Research buyers and client organisations would become immersed in the array of methodologies, tools and approaches that we have at our disposal. We are not just qualitative or quantitative. We can be centred on the mobile phone, we can be under-the-skin ethnographies. We are incorporating science and teasing out the subconscious in our efforts to advance understanding.

Swap McDonald’s Marketing Manager Marie Emery’s recent comments: “we need to allow kids to have an understanding of marketing,” with market research. Researchers are a mash-up – not pre-defined by a fixed set of A-levels, university degrees and diplomas that qualify you for the job. We are creative thinkers – proposing, designing and implementing research studies to answer real-life business problems. We are overarching observers, with a holistic viewpoint on the world’s trends, brands, current affairs. We are also decoders – we deduce and explain these phenomena with our emphasis on collecting and connecting data points and looking out for the key patterns. We are people-people, we are fascinated and hooked by what people think and do.

The bread and butter of what we do can only come alive through our stories retold back to our clients. Our stories tell of the increasing digital influence over the climate change debate (ComRes & the Grantham Research Institute on Climate Change and the Environment). They reveal strategies for improving membership size for a global charity (Northstar Research & World Association of Girl guides and Girl scouts). They show that research can be sustainable and allow eye-opening results (PepsiCo’s work in understanding the emerging middle classes in Brazil). We affect businesses and bring foresight to the table.

Forget three-part documentary, the industry has enough characters, narrative and storylines to merit its own TV series – think Game of Thrones or House of Cards.

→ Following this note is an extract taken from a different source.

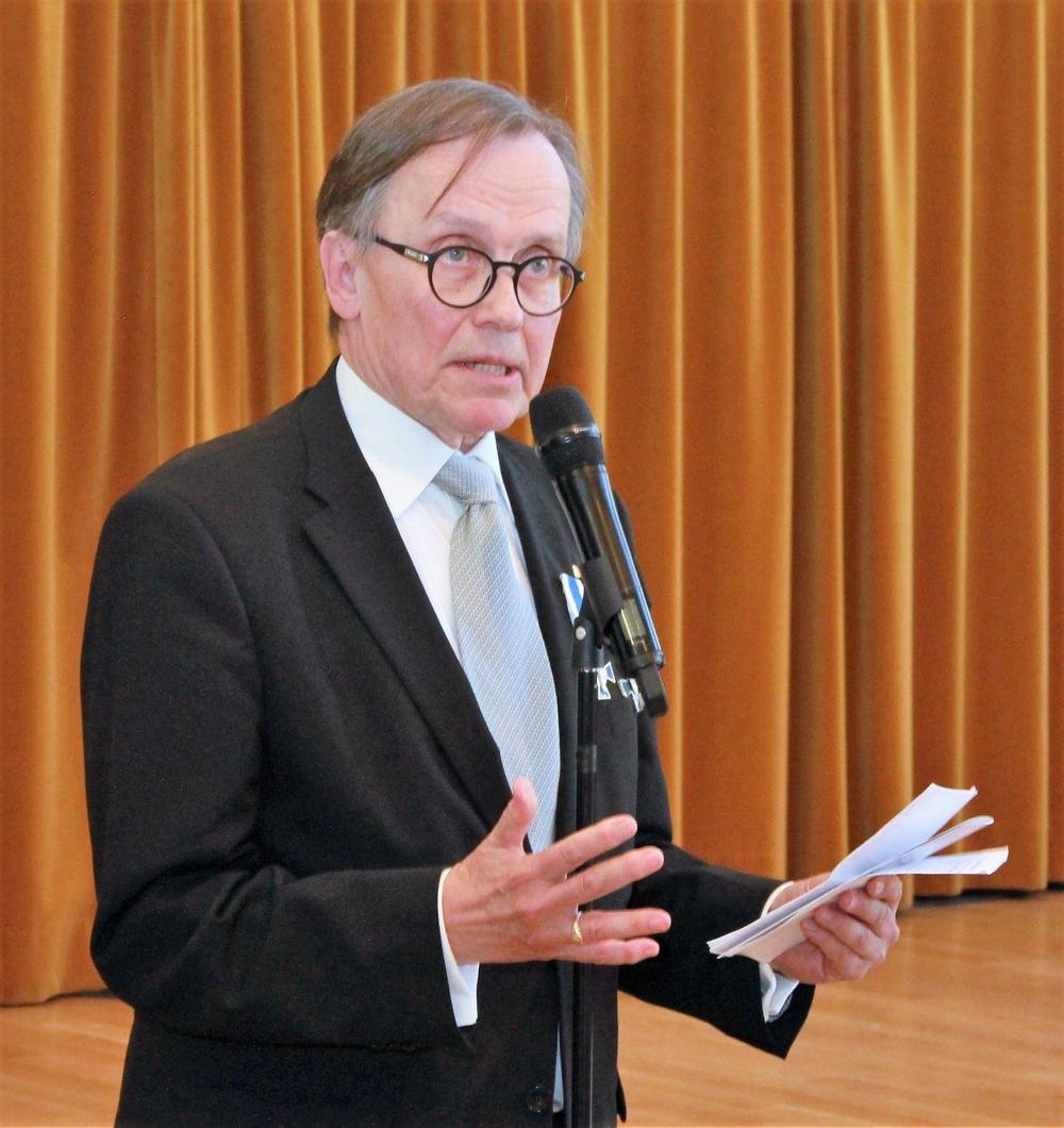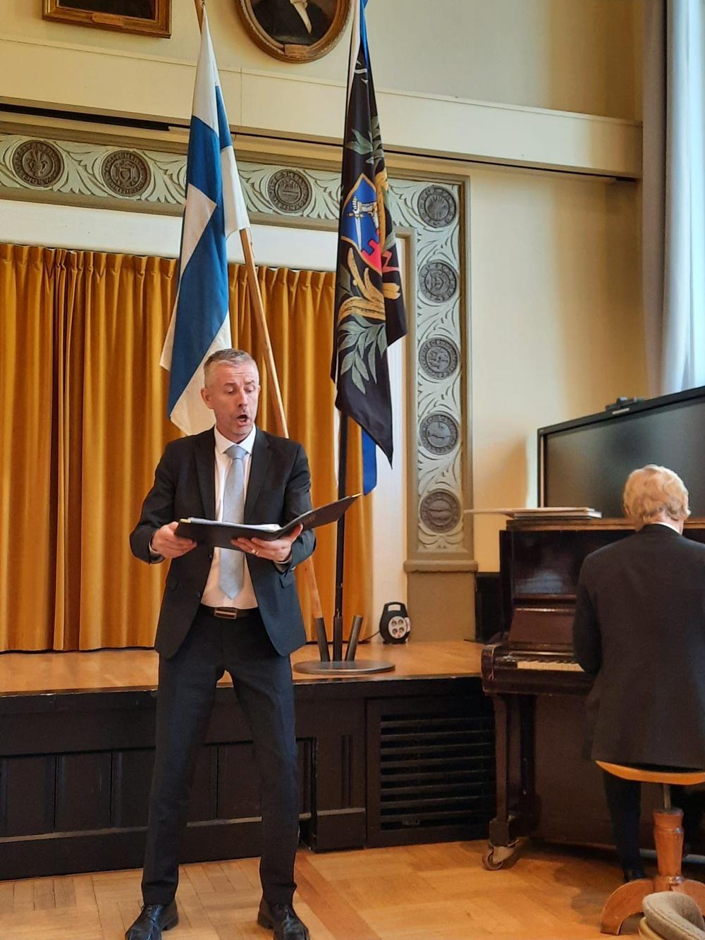 Katse tässä salissa olevien molempien lippujemme puoleen saa aikaan historiallisen perspektiivin tässä ajassa: menneisyys ja tulevaisuus kulkevat rinta rinnan. Sekä yksilöinä että kansana saamme antaa tänäänkin menneisyyden opettavan ohjaavasti puhua. Ja vaikka nykyhetkellä on paikkansa elämämme keskiössä samalla on jo kyse tulevaisuudesta.

If the fast food industry can come face-to-face with its critics, whether it be health ministers, advertising standards agencies and other fast food rivals and spin the propaganda record, then the market research industry can definitely come out strong on a media profiling of this scale. The perception of market research deserves such a platform and needs to be strengthened among buyers, our peer disciplines (marketing, advertising), future industry talent and research participants; all who will help shape our future.

Lucy Hoang is a senior research executive at Northstar.